Data items
Segment Open
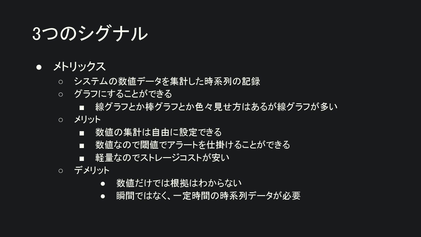 • 初手はメトリックスから始めるのが良い
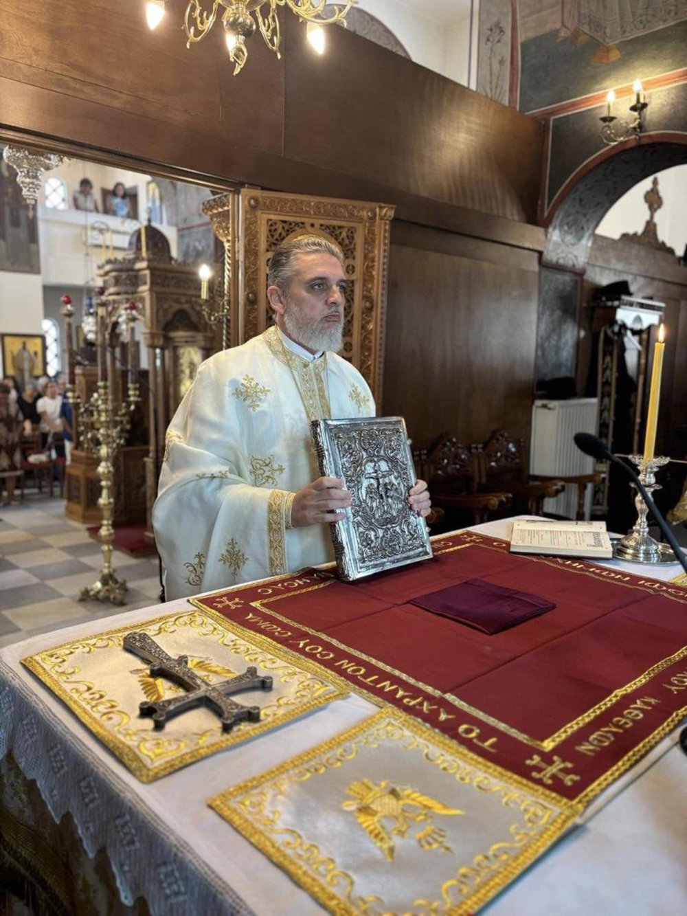 Μετά το πέρας της Θείας Λειτουργίας ο Σεβασμιώτατος Ποιμενάρχης κ. Αμφιλόχιος προέβη στην χειροθεσία του ευλαβεστάτου κ. Σωκράτους Γαβαλά σε αναγνώστη, ευλόγησε τα προσφερθέντα εδέσματα και ευχήθηκε σε όλους χρόνια πολλά, ευλογημένα και Παναγιοσκέπαστα.
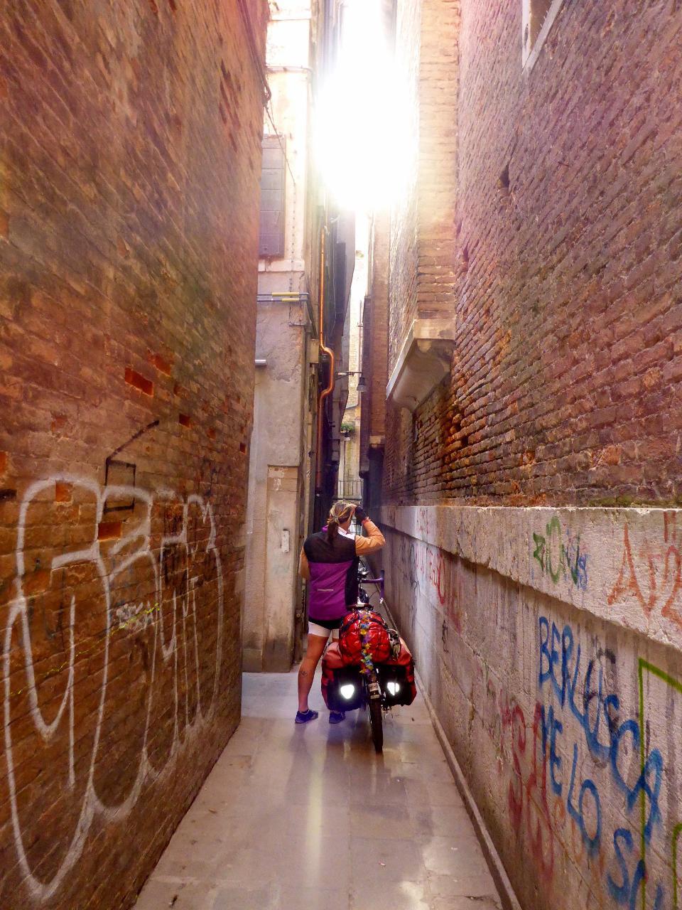 April 14, 2014 Train Ride The strike was over so we trained to Venice. We immediately found out that Venice is not a town to cycle in due to crowds and pedestrian bridges connecting the numerous islands. So we quickly found a hotel, stored our bikes, and then spent the rest of the day and night having fun as a tourist. Venice is simply a spectacular city on the water.
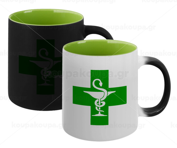 Φαρμακείο, Κούπα Μαγική εσωτερικό πράσινο, κεραμική 330ml που αλλάζει χρώμα με το ζεστό ρόφημα
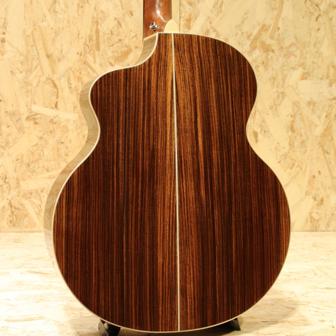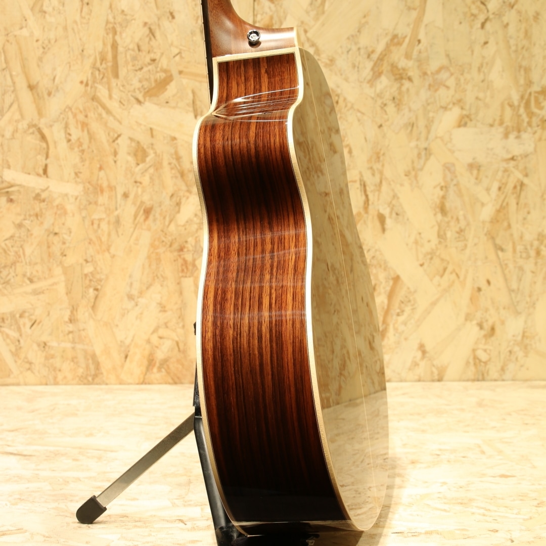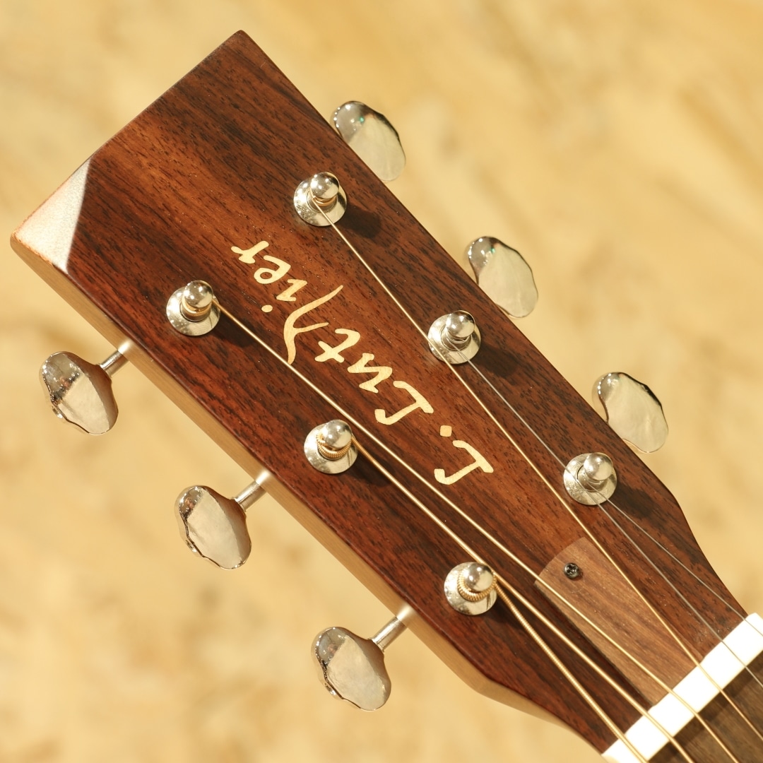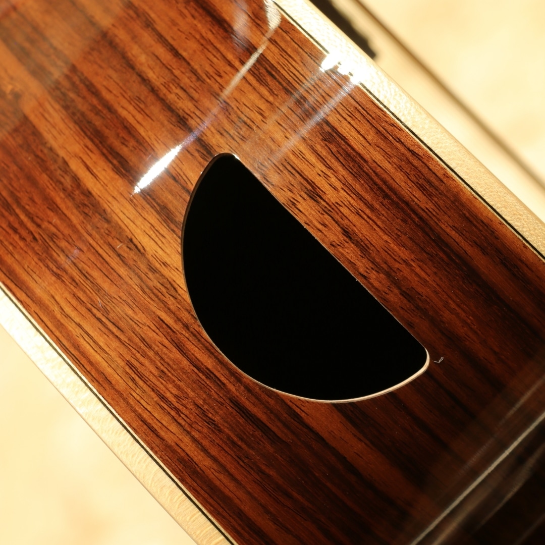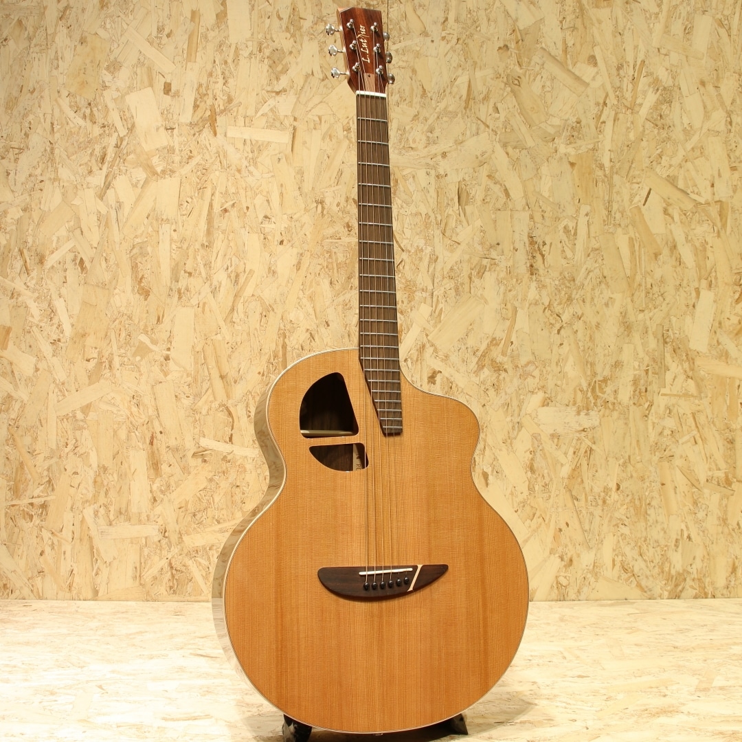 10代の頃から作曲をはじめギターと声楽を専門に学び、実際にシングル曲をリリースするなどプレイヤー目線での知識を豊富に持つ創業主"Adwin Lai(アドウィン・ライ)"氏によって生まれたマレーシア発の新進気鋭ブランド、"L.Luthier"。2009年の創業以来 "常にユーザーに高い品質の製品を届ける事"を大切に製作され、独自の考察から生み出されるデザインや内部の構造をはじめオリジナリティー溢れる機種を揃えるブランドです。本器は同ブランドを代表するLeシリーズ、フルスケールスタンダードボディのP.U搭載モデル”Le RC”。シダートップ、ローズウッドサイド&バック、マホガニーネック、ローズウッド指板&ブリッジ、オリジナルのオープンバッククロームペグ、ベネチアンカッタウェイ、オリジナルXブレーシング、LL 2 in 1 Active Preamp System搭載。同ブランドを代表する”Le”シリーズ。サウンドホールの形状や位置、独自のデザインや丸みを帯びた滑らかなシェイプが特徴です。滑らかな形状には抱え心地の良さを感じられ、演奏時のストレスを低減してくれます。ネック自体も薄めに成形されておりハイポジションまでの運指も容易。ボディとネックとで存分に演奏性を高められた仕様です。大きな特徴としてはサイドサウンドポートの搭載。演奏者が出音を直に聴くために、ボディサイドにサウンドホールを設置。実際にボリューム感、低音の押し出し感、繊細な高音域など細々としたニュアンスまでもが聴こえやすくなっています。サウンドホールが2つある為サラウンド効果もあり、音に包まれるような感覚で演奏が可能。ピッキングのタッチに対しても立ち上がりや反応は非常に早く、もたつきの無いスッキリとした音色を生み出すギター。ローズウッドらしい重厚な低音成分や煌びやかで上品な音色。シダートップ特有の柔らかな音色、反応の良さもあり繊細なタッチでも広がるように、そしてボリューミーに音を響かせてくれます。フィンガーやピックでのストロークまでジャンル問わずに扱えるようなオールマイティなサウンド。ネックの薄さも相まって繊細なタッチや演奏性を要求されるフィンガースタイルでも活躍してくれそうな1本です。何よりも同ブランド独自のP.Uシステムの優秀さ、アンダーサドルピエゾとマイクを搭載したデュアルピックアップシステム。音の芯をアンダーサドルピエゾで拾い上げ、煌びやかな鉄弦らしい空気感をマイクでピックアップ。ピエゾの良いところとマイクの良いところを上手く組み合わせています。コントローラーノブもVol,Tone,Micの3つとシンプル。マイクの混ぜ加減や高音域を調整するトーンで充分に音作りが出来ます。ライブだけに収まらずレコーディングや配信、宅録まで充分なまでに対応できる操作性も良くハイクオリティなシステム。個性的なルックスを持ちながら、実用性に重きを置いた実戦的なギター。優れた演奏性、ハイクオリティなサウンドで日本上陸から人気急上昇中の注目株。メインでもサブでも存分に活躍できる万能機。新しい潮流を感じられるギター、是非ご体感下さいませ。
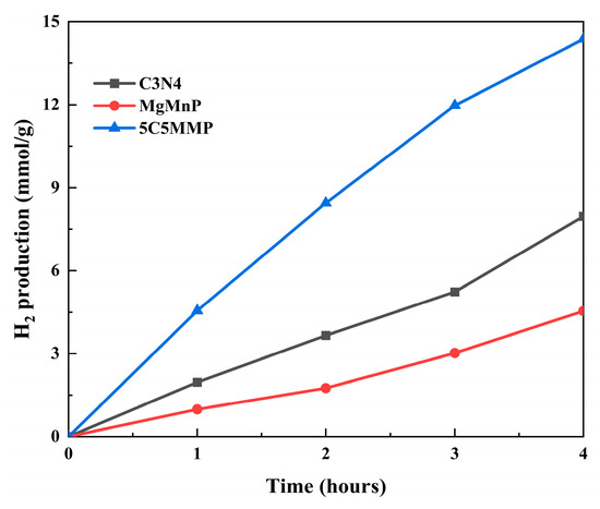 The photocatalytic hydrogen evolution results of C3N4, MgMnP, and 5C5MMP materials.
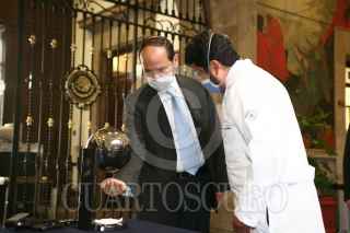 MÉXICO, D.F., 28ABRIL2009.- Gustavo Madero, Presidente de la Mesa Directiva del Senado, se lava las manos en el cerco sanitario establecido en la entrada del Senado de la República. FOTO:CUARTOSCURO.COM
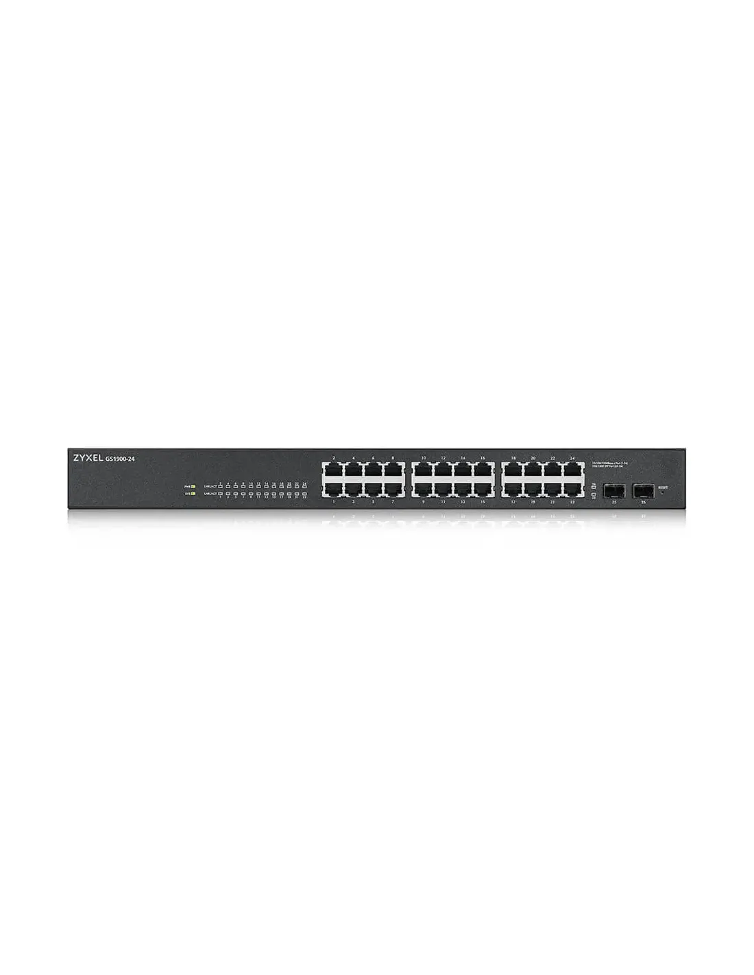 Zyxel GS-1900-24 v2. Tipo de interruptor: Gestionado, Capa del interruptor: L2. Puertos tipo básico de conmutación RJ-45 Ethernet: Gigabit Ethernet (10/100/1000), Cantidad de puertos básicos de conmutación RJ-45 Ethernet: 24. Bidireccional completo (Full duplex). Tabla de direcciones MAC: 8000 entradas, Capacidad de conmutación: 52 Gbit/s. Estándares de red: IEEE 802.1D, IEEE 802.1p, IEEE 802.1s, IEEE 802.1w, IEEE 802.3, IEEE 802.3ab, IEEE 802.3af, IEEE.... Conector eléctrico: Conector de alimentación AC-in. Montaje en rack, Factor de forma: 1U
Segment Closed
YOUR ASSIGNMENT => Skip the pictures and quote each line of the entries above, from the first through the line with "Μετά το πέρας", exactly as it appears.

RESULT OF THIS TASK =>
 • 初手はメトリックスから始めるのが良い
 Μετά το πέρας της Θείας Λειτουργίας ο Σεβασμιώτατος Ποιμενάρχης κ. Αμφιλόχιος προέβη στην χειροθεσία του ευλαβεστάτου κ. Σωκράτους Γαβαλά σε αναγνώστη, ευλόγησε τα προσφερθέντα εδέσματα και ευχήθηκε σε όλους χρόνια πολλά, ευλογημένα και Παναγιοσκέπαστα.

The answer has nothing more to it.